**** Records for the exercise ****

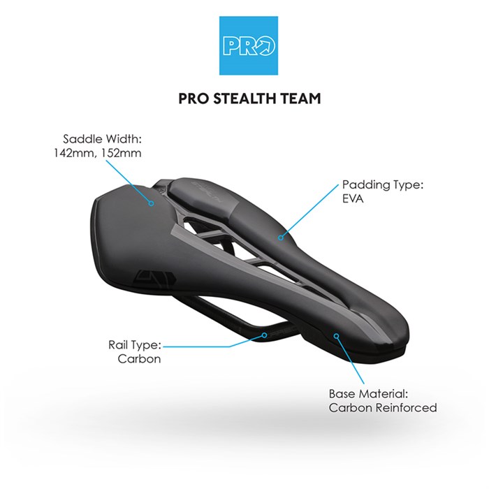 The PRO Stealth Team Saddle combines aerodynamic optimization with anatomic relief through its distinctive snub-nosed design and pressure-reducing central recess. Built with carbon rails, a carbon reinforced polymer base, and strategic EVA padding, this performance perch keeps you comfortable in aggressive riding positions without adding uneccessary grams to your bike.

****
**** Records for the exercise ****

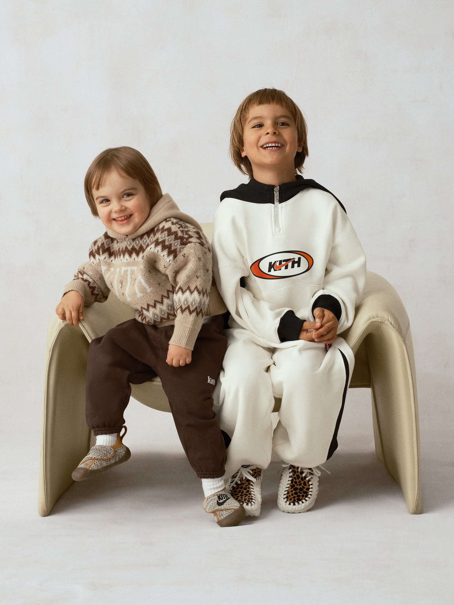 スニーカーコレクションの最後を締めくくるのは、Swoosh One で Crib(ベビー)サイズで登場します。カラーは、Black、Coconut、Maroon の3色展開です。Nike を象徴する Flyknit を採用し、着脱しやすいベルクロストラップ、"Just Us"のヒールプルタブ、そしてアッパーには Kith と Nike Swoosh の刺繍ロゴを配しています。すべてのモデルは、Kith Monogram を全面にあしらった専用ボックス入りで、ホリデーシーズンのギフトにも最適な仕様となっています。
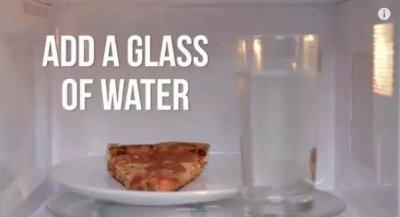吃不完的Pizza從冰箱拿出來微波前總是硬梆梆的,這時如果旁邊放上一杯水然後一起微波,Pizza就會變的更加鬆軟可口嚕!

****
**** Records for the exercise ****

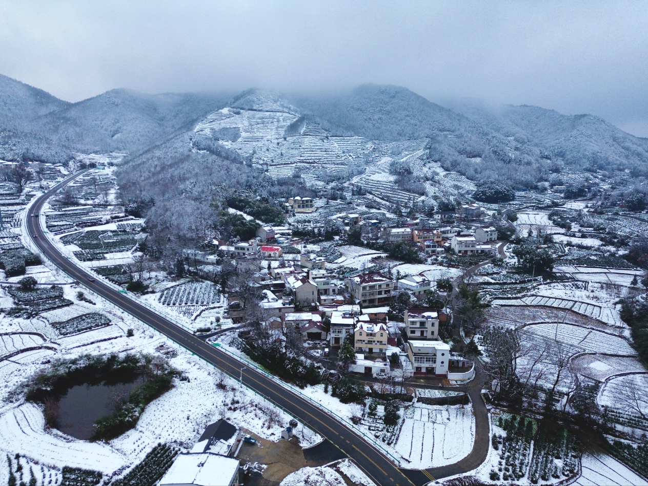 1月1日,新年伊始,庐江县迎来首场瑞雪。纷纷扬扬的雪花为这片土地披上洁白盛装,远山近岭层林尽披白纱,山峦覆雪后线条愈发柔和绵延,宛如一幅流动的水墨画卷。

****

**Task to carry out**
Within the entries above, the lines from the one containing "スニーカーコレクションの最後を締めくくるのは、Swoosh One で" through the one containing "吃不完的Pizza從冰箱拿出" are to be transcribed exactly, ends included, pictures excluded.

**The completed task**
 スニーカーコレクションの最後を締めくくるのは、Swoosh One で Crib(ベビー)サイズで登場します。カラーは、Black、Coconut、Maroon の3色展開です。Nike を象徴する Flyknit を採用し、着脱しやすいベルクロストラップ、"Just Us"のヒールプルタブ、そしてアッパーには Kith と Nike Swoosh の刺繍ロゴを配しています。すべてのモデルは、Kith Monogram を全面にあしらった専用ボックス入りで、ホリデーシーズンのギフトにも最適な仕様となっています。
吃不完的Pizza從冰箱拿出來微波前總是硬梆梆的,這時如果旁邊放上一杯水然後一起微波,Pizza就會變的更加鬆軟可口嚕!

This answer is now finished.